So as you may have noticed we are getting the whole state here and map it to props, where we can destructure our values…

const Teams = ({ state: { teams }, onAddTeams }) => {}

… and we also define our own prop onAddTeams which is a function for dispatching our addTeams action.

With those values, now our Teams component finally looks like a working one because it has the properties required to render teams.

The same operation will connect our single Team component to handle click function and fire proper action as well as Statistics component to display all fixtures whenever they appear in store:

Team
const Team = ({ team, state: {current}, onTeamSelect }) => {

[...]

const mapStateToProps = state => ({ state });

const mapDispatchToProps = dispatch => ({
    onTeamSelect: teamId => dispatch(setCurrentTeam(teamId)),
});

export default connect(mapStateToProps, mapDispatchToProps)(Team);
Statistics
const Statistics = ({ state: { teams, current }, onAddTeamStats }) => {

[...]

const mapStateToProps = state => ({ state });

const mapDispatchToProps = dispatch => ({
    onAddTeamStats: (stats, id) => dispatch(addTeamStats(stats, id)),
});

export default connect(mapStateToProps, mapDispatchToProps)(Statistics);

From this point, all our components are connected to the store and talk to it. For each of them, we mapped the state from Redux to component props as well as a custom function to dispatch an action. All we have to do now is to provide some data to render them and see results.

API Connection

There are many libraries out there (like Axios) that may help you build the best request, but I used plain JS fetch as it’s enough for our purpose. To keep all things clear and consistent, create a new folder in your project src in place of the helpers’ functionality:

├── src
│   ├── services
│   │   ├── apiConnection
│   │   │   └── index.js

I decided to use a free football API provided by football-data.org. They require authentication by the X-Auth-Token header. You can receive your token by email after filling in some form information (a quick sign-up).

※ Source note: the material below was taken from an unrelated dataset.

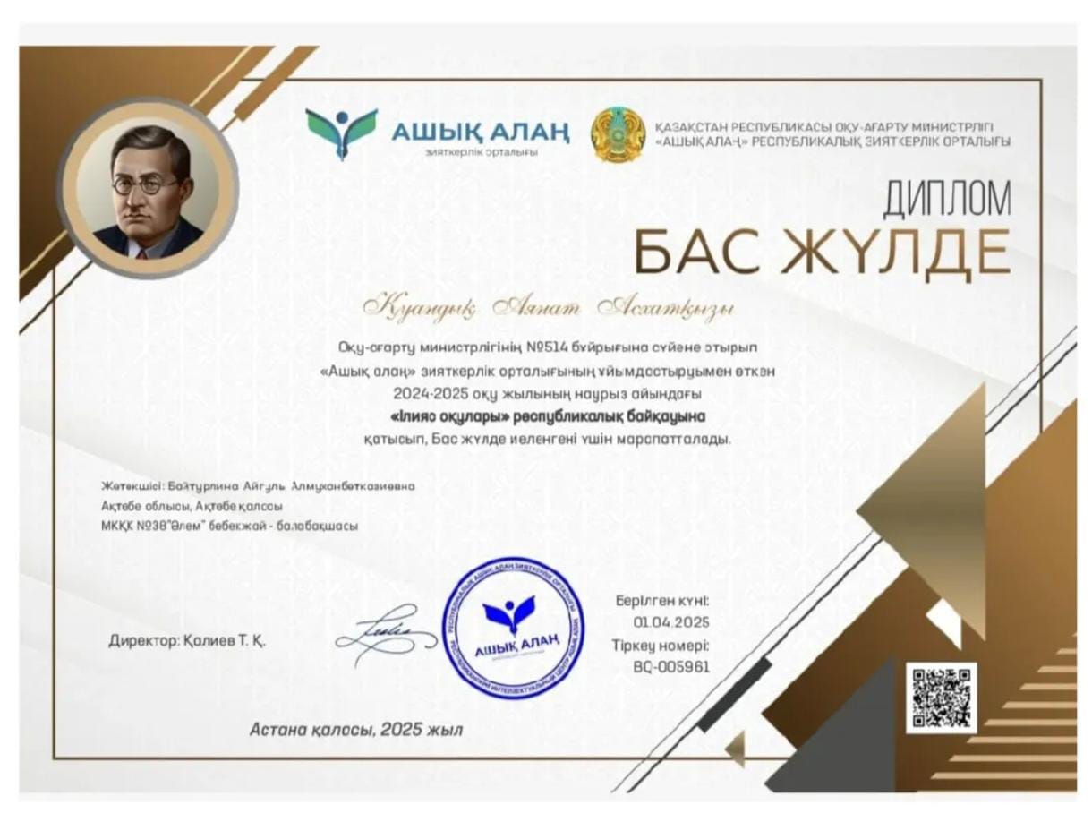 Оқу-ағарту министрлігінің №514 бұйрығына сүйене отырып «Ашық алаң» зияткерлік орталығының ұйымдастыруымен өткен 2024-2025 оқу жылының наурыз айындағы «Илияс оқулары» Республикалық байқауына қатысып бас жүлдемен марапатталды.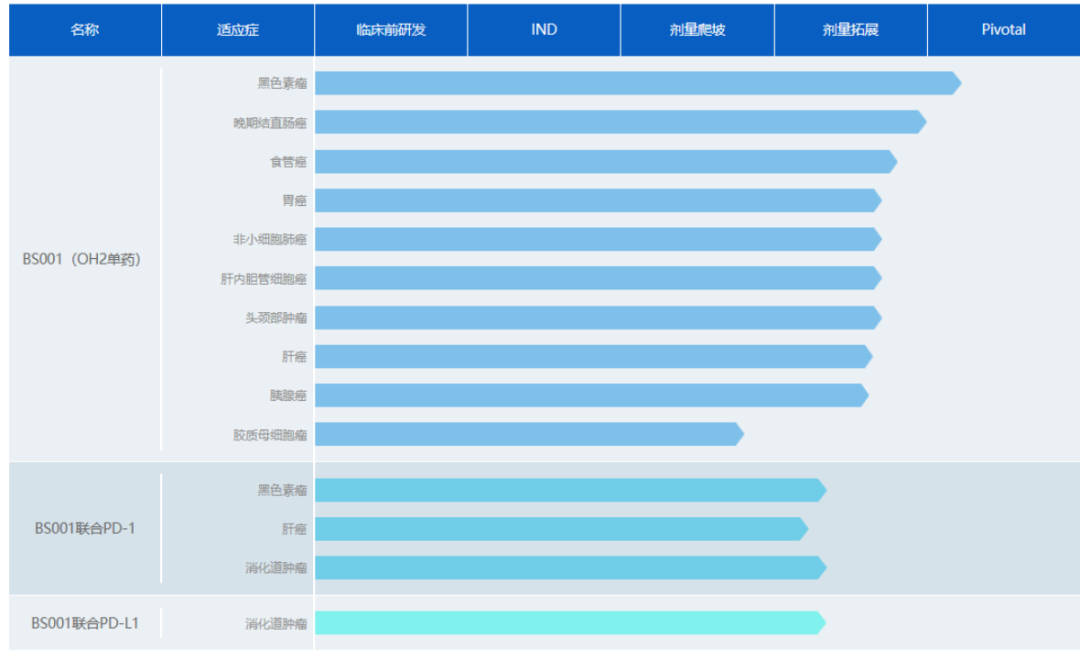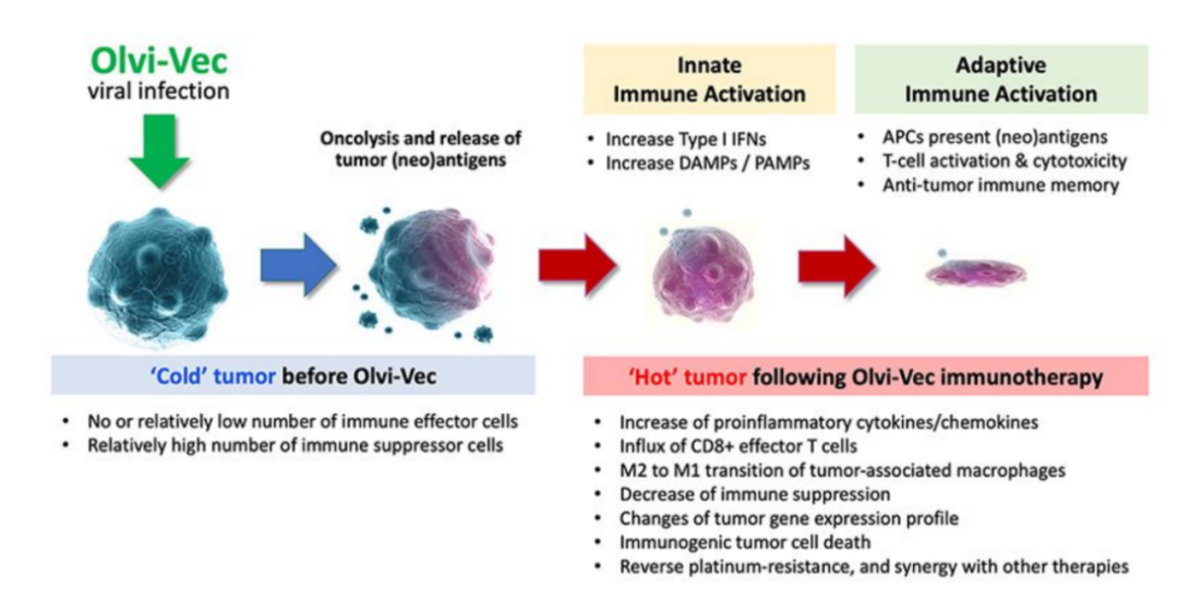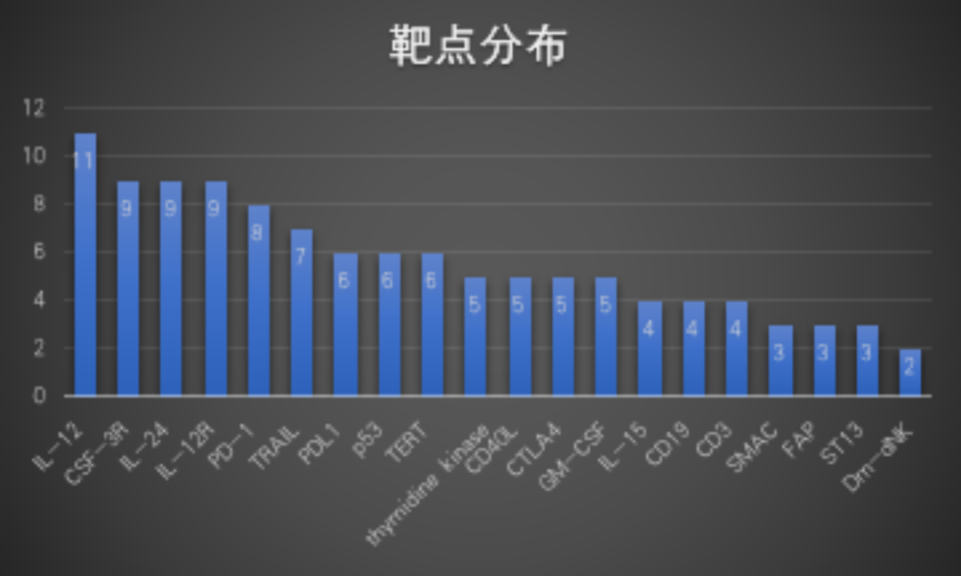 图注:靶点分布图(数据来源:智慧芽) 除上市药物以外,全球范围内处在III期临床及以上的药物共有9种。 溶瘤病毒的本质是一种具有复制能力的病毒,它可以在感染并裂解肿瘤细胞,诱导肿瘤细胞免疫原性死亡,改变肿瘤微环境的同时,不影响正常细胞。而现今的研究往往会通过基因修饰的方法克服天然病毒安全性问题、提高肿瘤选择性、改善病毒复制能力、限制病原性并且提高免疫原性。理论上,DNA病毒和RNA病毒都可成为候选病毒,但大部分的研究都还是会选择DNA病毒。 如前文所说,T-VEC是FDA批准的首个溶瘤病毒疗法,也是唯一受到广泛认可的溶瘤病毒产品。T-VEC由安进公司研发,是一种基于改良的1型单纯疱疹病毒(HSV-1)的溶瘤病毒疗法。该药物2011年获得FDA孤儿药资格,2015年10月27日经FDA批准用于不可切除的转移性黑色素瘤的治疗。 除遵循基本原理外,该药物内部包含可刺激免疫系统的GM-CSF编码序列,当注入相应位置肿瘤后,可以在肿瘤细胞中复制并裂解肿瘤细胞,使肿瘤细胞释放肿瘤相关抗原和GM-CSF蛋白,激发和加速抗肿瘤免疫应答。 3.1 安全性与剂量摸索试验①T-VEC的人体首次临床试验: 30名身患乳腺癌、头颈癌、黑色素瘤和结肠癌并且经标准治疗后疾病仍然进展的病人参与了该项研究。接受治疗的大部分病人只表现头晕、发热、恶心、寒颤、注射处疼痛的1-2级副反应,因此该药物的安全性得到了证实。 ②有效给药剂量如下:初始时,注射一剂106PFU/ml;三周后,每两周注射一剂108PFU/ml。不但如此,该试验还建立了以肿瘤体积为标准的药物体积滴定方法,该方法保证了注射药物的充分并且不会因为过量而从注射位点漏出,因此该方法在后续的临床研究中沿用。 3.2 黑色素瘤Ⅲ期临床显著获益在一项用于评估 OncoVEX^GM-CSF 与皮下给药 GM-CSF 治疗不可切除的 IIIb、IIIc 和 IV 期黑色素瘤患者的疗效和安全性的随机III期临床试验中,436名患者分为两组,分别在24周内进行28天为一周期的治疗,T-VEC组相对于GM-CSF组的疗效显著提高,DRR(16.3% vs 2.1%),ORR(26.4% vs 5.7%)。而T-VEC获批用于黑色素瘤就是基于这项试验所得到的积极结果。 3.3 令人振奋!三阴性乳腺癌(TNBC)或许从中获益!除黑色素瘤之外,研究人员正积极拓宽T-VEC的适应症。2月9日发布的一篇文章就带来了令人振奋的消息:T-VEC在TNBC的治疗上取得积极结果。在该项II期试验中,37名患者在手术前接受T-VEC联合新辅助化疗,其中45.9%(17/37)的患者治疗后获得完全缓解,要知道的是,这项数据在标准化疗的病人身上只有15%到30%。不仅如此,治疗后两年,89%的患者没有复发,与之产生强烈对比的是,只有60%的接受新辅助疗法的患者可以有两年的无病生存,且安全性与单用标准化疗没有显著差异性。 时下,TNBC的标准疗法为Keytruda与化疗的组合疗法,接受该疗法的三年无复发率约为84%,T-VEC标准化疗组合疗法竟也可以媲美,并且因两种疗法抗肿瘤免疫机制的迥异,且溶瘤病毒的肿瘤高度选择性,两种疗法的联合可能会为疗效和安全性增益。该文章通讯作者,莫菲特癌症中心乳腺癌医学专家Soliman博士表示:“我们的研究结果表明,当将T-VEC添加到全身化疗中时,可能会增加高风险、早期三阴性乳腺癌的反应。有证据表明肿瘤内有强大的免疫激活,因而有必要对T-VEC与目前的化学免疫疗法相结合对三阴性乳腺癌进行进一步研究。” 虽然这项试验展现了溶瘤病毒疗法在TNBC治疗上的潜力,然而值得注意的是,这是一项没有对照组的单臂试验,因此试验结果仍需通过大型的随机试验进行进一步的验证。 3.4 T-VEC联合治疗走向肿瘤治疗新高度Ovs的抗肿瘤机制与其他治疗方法迥异,且毒性作用有限,因此Ovs与其他治疗方法的有机联合成为未来溶瘤病毒研究与应用的一大方向。研究表明,溶瘤病毒可以作用于肿瘤微环境,促进PD-1和PD-L1的表达,逆转ICIs的耐药性。两药协同作用也在多种动物模型中得到证实。 在一项随即临床II期试验中,198名难治性黑色素瘤患者分别接受T-VEC+伊匹单抗或者伊匹单抗单药治疗。结果表明,联合治疗组相对于单药治疗组疗效明显提高,ORR(39% vs 18%)。联合用药相比于单药治疗的毒性也没有明显增加。 除此之外,T-VEC与放疗、化疗、靶向疗法、过继细胞疗法的联用也正处在如火如的阿研究当中,早期的一些积极结果也鼓舞了研发人员的士气,为溶瘤病毒未来的发展方向提供了巨大的可能性。 CG0070的研发是基于一种改造的5型腺病毒(Ad5)骨架,它包含一个肿瘤特异性启动子(E2F-1)和一个GM-CSF基因。目前该药物临床进展最快的领域为非浸润性膀胱肿瘤,其在美国、澳大利亚、日本、韩国、中国台湾均处在临床III期试验,而在中国大陆处在临床I期阶段。 该药物的出现可以很大程度上满足泌尿系统肿瘤的医疗需求。原研企业CG oncology也在2022年公布了一项CG0070 与 Pembrolizumab 联合用于对卡介苗 (BCG) 无反应的非肌肉浸润性膀胱癌 (NMIBC) 患者的 2 期单臂研究的中期结果(NCT04387461)。CG表示,在三个月的随访中,88%(28/32)的患者没有癌症进展迹象,一年内,86%(18/21)的患者对治疗有完全反应,且不良反应与单药使用相一致。CG更是因为这一结果获利,成功获得1.2亿美元融资,超过了其成立12年以来的融资总和。而现阶段进行的III期试验旨在评估膀胱内 (IVE) 给予 CG0070 对患有组织病理学证实的NMIBC患者的活性(这些患者患有芽孢杆菌 - 卡介苗 (BCG) 无反应性疾病,无论是原位

export const apiConnection = async (endpoint = '') => {
    return await fetch(`https://api.football-data.org/v2/${endpoint}`, {
        method: 'GET',
        headers: {
            'X-Auth-Token': process.env.REACT_APP_API_KEY,
        },
    })
        .then(r => {
            if (!r.ok) {
                throw Error(`${r.statusText}`);
            }
            return r.json();
        })
        .catch(error => {
            throw Error(`${error}`);
        });
};

So we’ve built a base helper to handle API connection. It takes only one param as an endpoint because it will be different for every component.

API_KEY is stored as an environment variable. Codesandbox.io is hidden from visitors, but if you would like to clone the repository and try it yourself, you’ll need to rename .env.example file to .env and switch the inside value to your own.

You may also want to extend your UX for some errors displaying etc. to improve your user experience but for our simple example we will just throw Error to somehow communicate about problems with frontend.

Connect components to API and store it’s values in Redux

Now we can use this function to get our teams data from API in a Teams component’s useEffect hook:

useEffect(() => {
    if (!teams) {
        return;
    }

    apiConnection('competitions/2021/teams').then(r => {
        onAddTeams(r.teams);
    })
}, [teams]);

Please note we have teams as a dependency to refresh our effect whenever they change. First thing is to return the effect whenever teams appear – to avoid making another unnecessary API request.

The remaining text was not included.